# Lightgbm+XgBoost Model

In [1]:
import pandas as pd
from xgboost import XGBRegressor, callback
from sklearn.model_selection import train_test_split, RandomizedSearchCV
from sklearn.metrics import r2_score, mean_squared_error
from sklearn.preprocessing import RobustScaler
from sklearn.experimental import enable_iterative_imputer
from sklearn.impute import IterativeImputer
import numpy as np
from tqdm import tqdm
from datetime import datetime
import pytz
import json
import joblib 
import os
import matplotlib.pyplot as plt
import seaborn as sns
from sklearn.preprocessing import LabelEncoder, StandardScaler
from sklearn.feature_selection import SelectKBest, f_regression
from sklearn.linear_model import LassoCV
from sklearn.ensemble import RandomForestRegressor
from sklearn.feature_selection import RFE
from lightgbm import LGBMRegressor


In [2]:
# Load the dataset after the exploratory data analysis
challenge_set_updated = pd.read_csv("./data/challenge_set_updated_v16.csv")
submission_set = pd.read_csv("./data/submission_set.csv")
submission_set_updated = pd.read_csv("./data/submission_set_updated_v16.csv")

In [3]:
# Function to drop columns with more than 40% missing values, except for 'tow' in the submission set
def drop_columns_above_threshold(df, threshold=40, preserve_columns=None):
    if preserve_columns is None:
        preserve_columns = []
    
    missing_percentage = df.isna().mean() * 100
    cols_to_keep = missing_percentage[missing_percentage <= threshold].index.tolist()
    
    # Ensure columns in preserve_columns are kept even if they exceed the threshold
    cols_to_keep.extend([col for col in preserve_columns if col in df.columns])
    
    df = df[cols_to_keep]
    return df

# Applying the function to challenge_set_updated
challenge_set_updated = drop_columns_above_threshold(challenge_set_updated)

# Applying the function to submission_set_updated, keeping 'tow'
submission_set_updated = drop_columns_above_threshold(submission_set_updated, preserve_columns=['tow'])

In [4]:
def clean_data_better(df, threshold=1e10):
    # Replace inf and -inf with NaN using vectorized operations
    df.replace([np.inf, -np.inf], np.nan, inplace=True)
    
    # Mask values above the threshold with NaN directly using vectorized operations
    numeric_columns = df.select_dtypes(include=[np.number]).columns
    df[numeric_columns] = df[numeric_columns].mask(df[numeric_columns].abs() > threshold)
    
    # Fill NaNs using a combined approach - first forward fill, then median
    df[numeric_columns] = df[numeric_columns].fillna(method='ffill').fillna(df.median())
    
    return df

# Applying the improved cleaning function
challenge_set_updated = clean_data_better(challenge_set_updated)
submission_set_updated = clean_data_better(submission_set_updated)

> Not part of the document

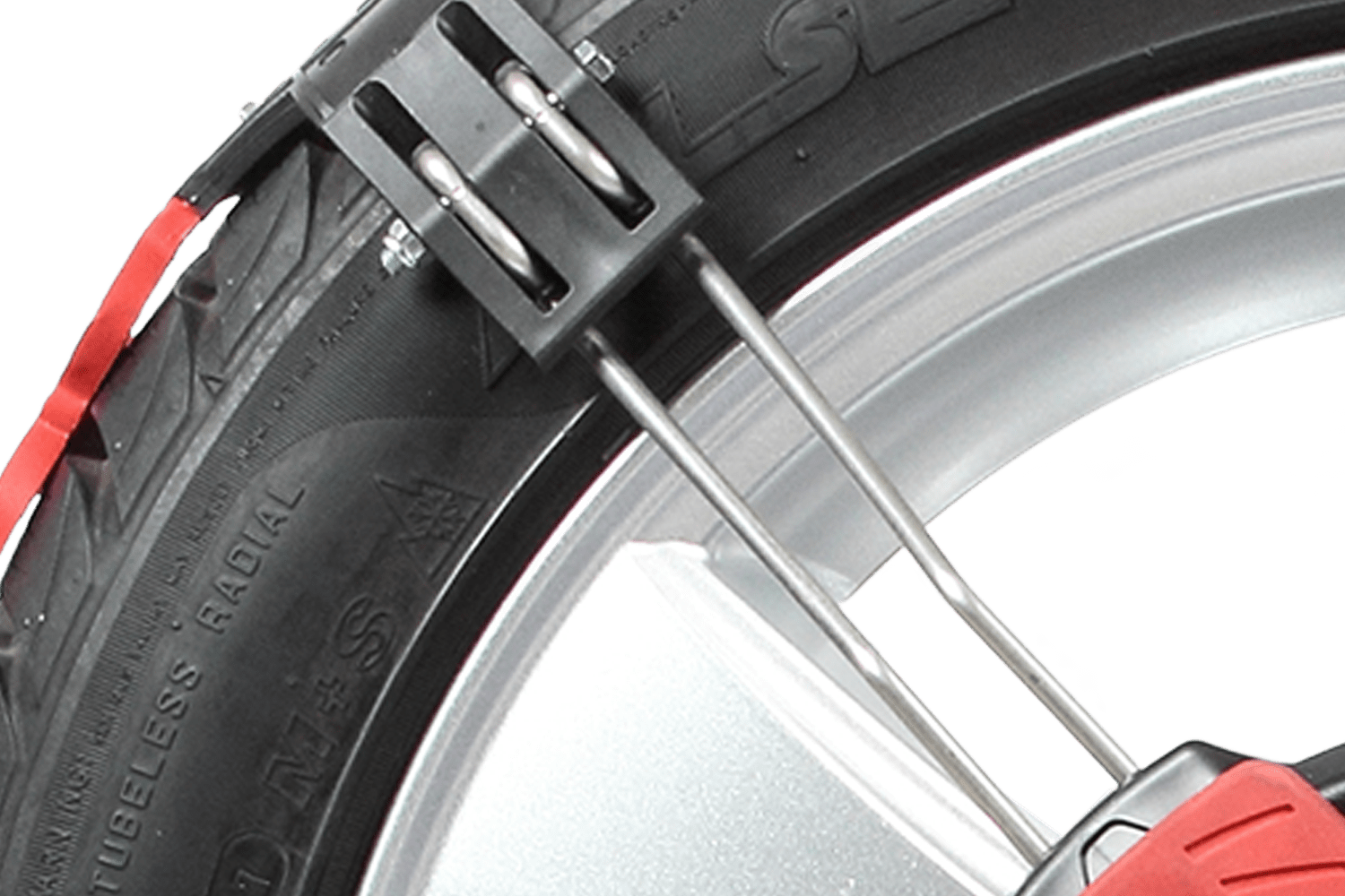 Polaire Grip-kjeder er utstyrt med et universelt monteringssystem Den unike, justerbare designen gir perfekt passform mellom kjettingen og dekket . Et integrert klemmesystem med strammespak muliggjør rask og enkel montering av kjettingene . Installasjonen utføres på utsiden av hjulet, og krever ikke noe arbeid inne i hjulbuen, noe som eliminerer risikoen for forurensning av klær. Når kjettingene er montert på hjulene , sentrerer de seg umiddelbart etter start og krever ingen ytterligere stramming.

  df[numeric_columns] = df[numeric_columns].fillna(method='ffill').fillna(df.median())
  df[numeric_columns] = df[numeric_columns].fillna(method='ffill').fillna(df.median())


In [5]:
# If necessary change this part to test the model before the training process
df = challenge_set_updated.iloc[:,:]

# Separating features and target variable
X = df.drop('tow', axis=1)
y = df['tow']

n_jobs = os.cpu_count() // 2

In [8]:
from sklearn.model_selection import train_test_split
from lightgbm import LGBMRegressor
from xgboost import XGBRegressor
from sklearn.metrics import r2_score, mean_squared_error
import numpy as np

# Split the data into training and test sets
X_train_full, X_test, y_train_full, y_test = train_test_split(X, y, test_size=0.2, random_state=42)

# Further split the training data into training and validation sets
X_train, X_val, y_train, y_val = train_test_split(X_train_full, y_train_full, test_size=0.2, random_state=42)

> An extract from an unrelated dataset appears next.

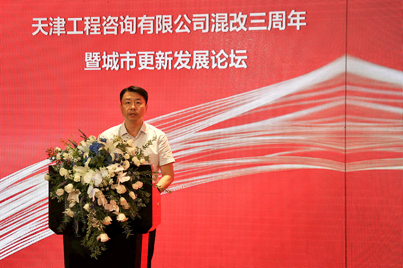 天津市國資委改革處副處長袁薔致辭。代表市國資委向天津咨詢混改三周年表示祝賀,也向關(guān)心和支持天津國資國企改革發(fā)展的各界朋友表示感謝。天津咨詢混改三年引進了先進的管理理念和經(jīng)營機制,實現(xiàn)了國有資產(chǎn)的保值增值,扎根天津、服務天津,加深了津滬兩地國資國企之間的合作與共贏。希望天津咨詢保持向好發(fā)展。不斷拓寬經(jīng)營思路,健全經(jīng)營機制,努力挖掘自身優(yōu)勢,提高企業(yè)核心競爭力,為混改后天津國資參股企業(yè)保持更好更快發(fā)展樹立典型。希望天津咨詢服務天津發(fā)展。主動融入和服務“十項行動”,持續(xù)推進“三新”“三量”工作,抓住有利時機,充分發(fā)揮在城市更新、資產(chǎn)盤活等方面的咨詢技術(shù)優(yōu)勢,為天津的城市建設和經(jīng)濟發(fā)展“添秤”。希望天津咨詢發(fā)揮紐帶作用。繼續(xù)穩(wěn)步推進改革,將上海國企的先進理念引入天津,進一步發(fā)揮好上海國資和天津國資之間的紐帶作用,為推動雙方互利共贏做出積極貢獻。

# Define parameters for LightGBM
lgb_params = {
    'subsample': 1.0,
    'reg_lambda': 0.46415888336127775,  # L2 regularization
    'reg_alpha': 0.166810053720005,     # L1 regularization
    'min_child_weight': 4,
    'max_depth': 13,
    'learning_rate': 0.01,
    'colsample_bytree': 0.6,
    'objective': 'regression',
    'random_state': 42,
    'n_estimators': 10000,              # Large number, with early stopping
    'metric': 'rmse',
    'n_jobs': -1
}

# Define parameters for XGBoost
xgb_params = {
    'subsample': 1.0,
    'reg_lambda': 0.46415888336127775,  # L2 regularization
    'reg_alpha': 0.166810053720005,     # L1 regularization
    'min_child_weight': 4,
    'max_depth': 13,
    'learning_rate': 0.01,
    'colsample_bytree': 0.6,
    'objective': 'reg:squarederror',
    'random_state': 42,
    'n_estimators': 10000,              # Large number, with early stopping
    'eval_metric': 'rmse',
    'n_jobs': -1
}

# Initialize the models
lgb_model = LGBMRegressor(**lgb_params, early_stopping_rounds=20)
xgb_model = XGBRegressor(**xgb_params, early_stopping_rounds=20)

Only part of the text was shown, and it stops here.